Quando andare e che auto scegliere

Il periodo del viaggio condiziona tutto, a partire dal veicolo da prenotare. Da giugno a settembre, con il sole di mezzanotte e le strade principali perfettamente percorribili, una berlina o un piccolo SUV sono sufficienti per fare la Ring Road e visitare i grandi classici: Gullfoss, Geysir, le cascate del sud, la laguna glaciale di Jökulsárlón, la penisola di Snæfellsnes.

Da ottobre ad aprile, invece, il discorso cambia. Neve, ghiaccio e venti forti rendono quasi obbligatorio un 4×4, soprattutto se si vogliono raggiungere zone meno turistiche o guidare al tramonto presto per inseguire l’aurora boreale. Il 4×4 è indispensabile anche in estate se si vogliono percorrere le F-roads, le piste sterrate che attraversano le Highlands, dove con qualsiasi altro veicolo si rischia di restare bloccati al primo guado.

Dove ritirare l’auto

Quasi tutti i viaggiatori noleggiano l’auto all’aeroporto internazionale di Keflavík, a circa 50 chilometri da Reykjavík. Le grandi catene internazionali hanno i loro uffici nel terminal, ma negli ultimi anni sempre più visitatori scelgono compagnie locali, che offrono tariffe più trasparenti e flotte pensate specificamente per le condizioni islandesi. Noi abbiamo avuto una buona esperienza con Reykjavik Cars, una società islandese presso cui è possibile noleggiare un’auto in Islanda con servizio di navetta gratuito dal terminal e assicurazioni chiare, senza sorprese al momento del ritiro.

Itinerari: dalla Ring Road alle Highlands

Il primo viaggio in Islanda coincide quasi sempre con la Ring Road, la strada 1 che fa il giro completo dell’isola in circa 1.330 chilometri. Si può percorrere in senso orario o antiorario, con soste strategiche nelle cittadine di Vík, Höfn, Egilsstaðir e Akureyri. Serve almeno una settimana per farla con calma; due se si vogliono inserire deviazioni verso Snæfellsnes, i fiordi occidentali o le Highlands centrali.

Per chi ha più tempo o cerca un’esperienza ancora più immersiva, un’alternativa interessante è il noleggio di un camper in Islanda, che permette di svincolarsi dagli orari delle guesthouse e dormire in campeggio vicino ai luoghi più scenografici. È una formula che funziona bene in estate, meno consigliabile in inverno quando i campeggi principali chiudono e le condizioni meteo rendono la vita a bordo del camper più complicata.

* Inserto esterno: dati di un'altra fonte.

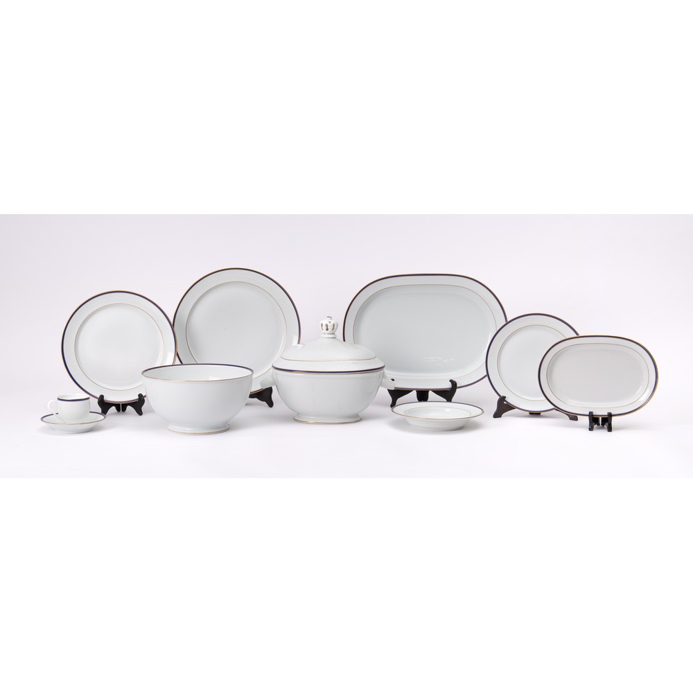Servizio piatti modello “Samarra Blanc” in porcellana Limoges bianca decorato con bordo blu da 64 pezzi così suddiviso: 24 piatti piani, 11 piatti fondi, 12 piatti frutta, una zuppiera, una insalatiera, un piatto da portata circolare, due piatti da portata ovale, 12 tazze caffé con piattino.

Assicurazioni, patente e carburante

Questo è il capitolo che chi visita l’Islanda per la prima volta tende a sottovalutare. L’assicurazione base (CDW) copre poco: le franchigie sono alte e alcuni danni tipici islandesi — graffi da ghiaia sulla carrozzeria (gravel protection), tempeste di sabbia e cenere vulcanica (sand & ash), danni sotto il veicolo — non sono inclusi nel pacchetto standard. Vale la pena valutare un’assicurazione kasko più completa, soprattutto se si guida in bassa stagione o fuori dalla Ring Road.

La patente italiana (o di un qualsiasi Paese UE) è sufficiente, non serve la patente internazionale. L’età minima è generalmente di 20 anni, che salgono a 23 per i 4×4. Il carburante costa circa il doppio rispetto all’Italia: prevedere nel budget dai 250 ai 400 euro di benzina per un giro completo dell’isola è realistico, a seconda del tipo di veicolo e dell’itinerario.

Sicurezza e condizioni stradali

L’ultima raccomandazione è forse la più importante: in Islanda il meteo cambia in poche ore e alcune strade possono chiudere senza preavviso, soprattutto tra ottobre e maggio. Prima di mettersi in viaggio, è buona abitudine consultare il sito ufficiale di Umferdin, che aggiorna in tempo reale le condizioni di tutte le strade islandesi, comprese le F-roads e i passi di montagna. Non è paranoia: è ciò che fanno gli islandesi stessi prima di uscire di casa.

Viaggiare in auto in Islanda significa accettare l’imprevedibilità del tempo e lasciare spazio nel programma per le soste non pianificate — un arcobaleno sopra una cascata, un gregge di pecore che attraversa la strada, una luce particolare su un campo di lava. Alla fine sono proprio queste a trasformare un itinerario in un ricordo che resta per anni.